Given a graph G, one may ask: “What sets of eigenvalues are possible over all weighted adjacency matrices of G?” (The weight of an edge is positive or negative, while the diagonal entries can be any real numbers.) This is known as the Inverse Eigenvalue Problem for graphs (IEPG). A mild relaxation of this question considers the multiplicity list instead of the exact eigenvalues themselves. That is, given a graph G on n vertices and an ordered partition $\mathbf{m}=(m_1,\dots ,m_{\ell })$ of n, is there a weighted adjacency matrix where the i-th distinct eigenvalue has multiplicity $m_i$? This is known as the ordered multiplicity IEPG. Recent work solved the ordered multiplicity IEPG for all graphs on 6 vertices.

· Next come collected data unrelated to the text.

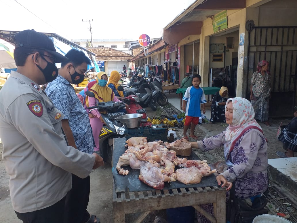 Terlihat di pasar tradisional Desa Jatisari Kecamatan Senori, Aiptu Karsojo bersama anggota memeriksa ketersediaan bahan pokok seperti beras, daging, Telor dan bahan pokok lainya. Hal tersebut dilakukan untuk mengetahui harga yang di jual di pasaran.
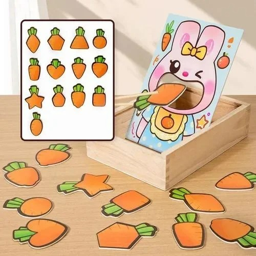 Piesele din lemn cu morcovi, vor putea fi utillizate si in alte jocuri si activitati de invatare, precum sortarea acestora pe categorii in functie de forma geometrica.
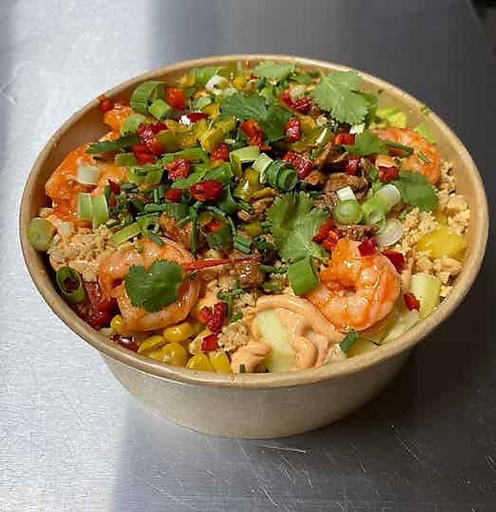 Serves meat, vegan options available. Eatery serving custom poke bowls and ramen with vegan options. Open Mon-Tue 11:00-14:00, Tue 18:00-22:00, Thu-Fri 11:00-14:00, Thu-Sat 18:00-22:00, Sat-Sun 11:30-14:30, Sun 18:30-22:00. Closed Wed.
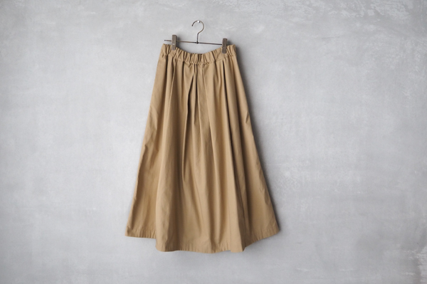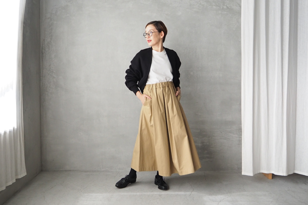 ロングシーズン活躍するチノ素材のランダムタックスカート。

In this work, we develop zero forcing methods for the ordered multiplicity IEPG in a multitude of different contexts. Namely, we utilize zero forcing parameters on powers of graphs to achieve bounds on consecutive multiplicities. We are able to provide general bounds on sums of multiplicities of eigenvalues for graphs. This includes new bounds on the sums of multiplicities of consecutive eigenvalues as well as more specific bounds for trees. Using these results, we verify the previous results above regarding the IEPG on six vertices. In addition, applying our techniques to skew-symmetric matrices, we are able to determine all possible ordered multiplicity lists for skew-symmetric matrices for connected graphs on five vertices.

给定一个图G，人们可能会问：“ G 的所有加权邻接矩阵可能有哪些特征值集？” （边的权重为正或负，而对角线项可以是任何实数。）这被称为图的逆特征值问题 (IEPG)。这个问题的温和放松考虑了多重性列表而不是确切的特征值本身。也就是说，给定一个在n个顶点上的图G和一个有序的分区$\mathbf{米}=({米}_1,\dots ,{米}_{\ell })$的n，是否存在加权邻接矩阵，其中第i个不同的特征值具有多重性${米}_{\mathrm{一世}}$? 这称为有序多重性 IEPG。最近的工作解决了 6 个顶点上所有图的有序多重性 IEPG。

在这项工作中，我们为多种不同环境中的有序多重性 IEPG 开发了迫零方法。也就是说，我们利用图的幂的零强迫参数来实现连续多重性的界限。我们能够提供图的特征值的多重性总和的一般界限。这包括对连续特征值的多重性总和的新界限以及更具体的树界限。使用这些结果，我们验证了上面关于六个顶点上的 IEPG 的先前结果。此外，将我们的技术应用于斜对称矩阵，我们能够为五个顶点上的连通图确定斜对称矩阵的所有可能的有序重数列表。